Work instructions: All of the listing should be output exactly, apart from the pictures.

Recorded information:
--- START ---

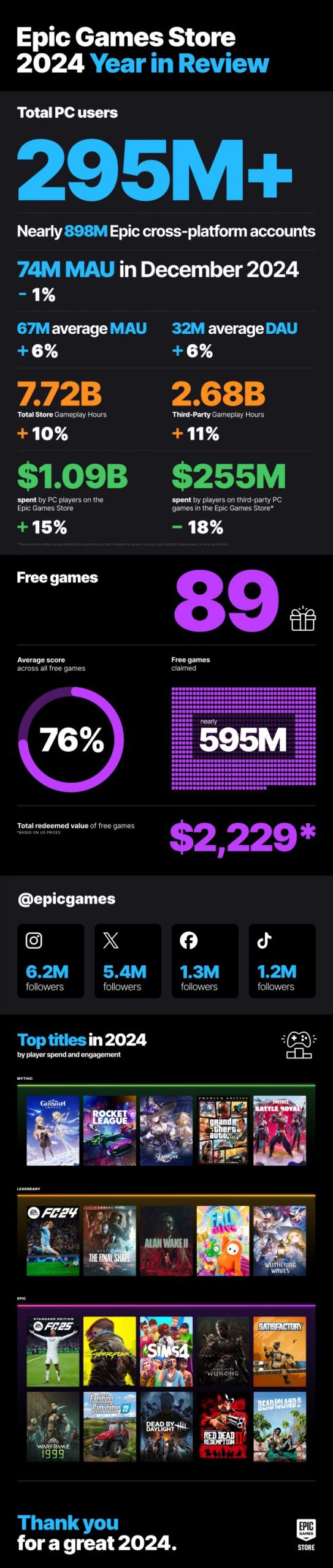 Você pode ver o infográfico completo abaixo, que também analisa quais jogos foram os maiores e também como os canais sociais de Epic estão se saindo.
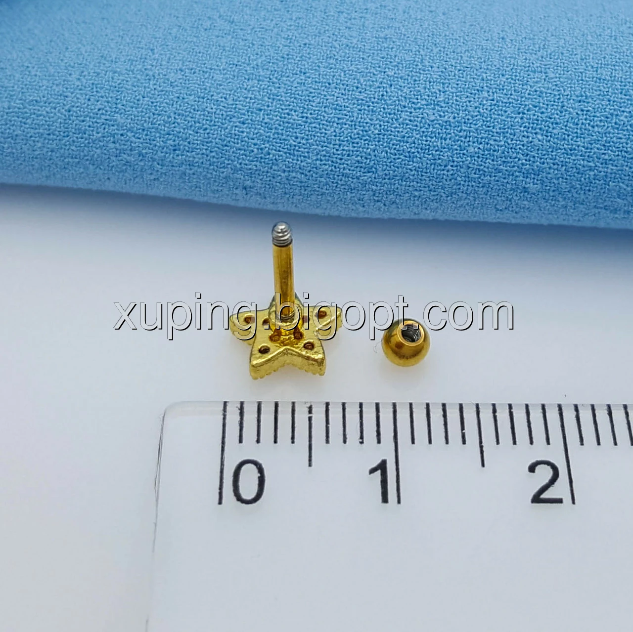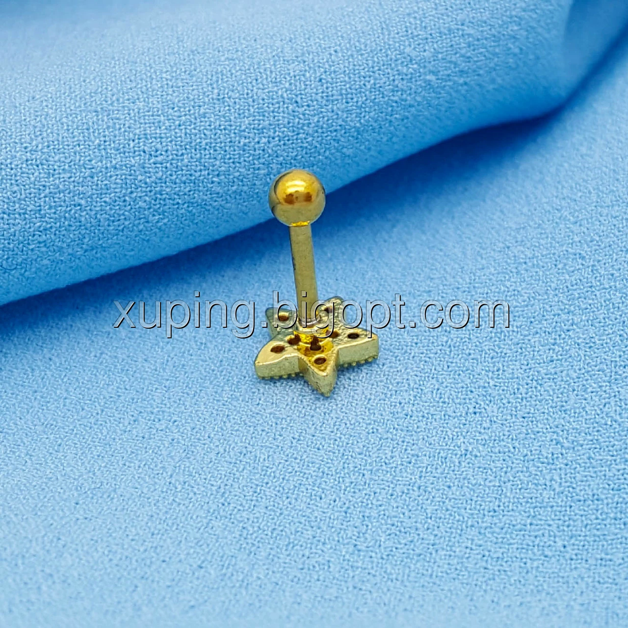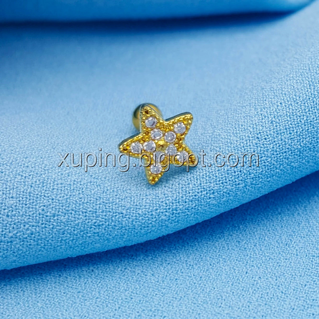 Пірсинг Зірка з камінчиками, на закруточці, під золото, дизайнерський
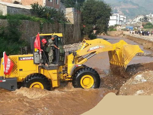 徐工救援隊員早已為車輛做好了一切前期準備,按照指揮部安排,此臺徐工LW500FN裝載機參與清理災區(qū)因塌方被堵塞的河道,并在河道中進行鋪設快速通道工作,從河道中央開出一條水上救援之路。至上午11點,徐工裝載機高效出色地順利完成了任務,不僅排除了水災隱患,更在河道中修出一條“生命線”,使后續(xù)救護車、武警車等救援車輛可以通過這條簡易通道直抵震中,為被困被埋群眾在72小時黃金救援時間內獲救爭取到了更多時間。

--- END ---

Exercise solution:
 Você pode ver o infográfico completo abaixo, que também analisa quais jogos foram os maiores e também como os canais sociais de Epic estão se saindo.
 Пірсинг Зірка з камінчиками, на закруточці, під золото, дизайнерський
 徐工救援隊員早已為車輛做好了一切前期準備,按照指揮部安排,此臺徐工LW500FN裝載機參與清理災區(qū)因塌方被堵塞的河道,并在河道中進行鋪設快速通道工作,從河道中央開出一條水上救援之路。至上午11點,徐工裝載機高效出色地順利完成了任務,不僅排除了水災隱患,更在河道中修出一條“生命線”,使后續(xù)救護車、武警車等救援車輛可以通過這條簡易通道直抵震中,為被困被埋群眾在72小時黃金救援時間內獲救爭取到了更多時間。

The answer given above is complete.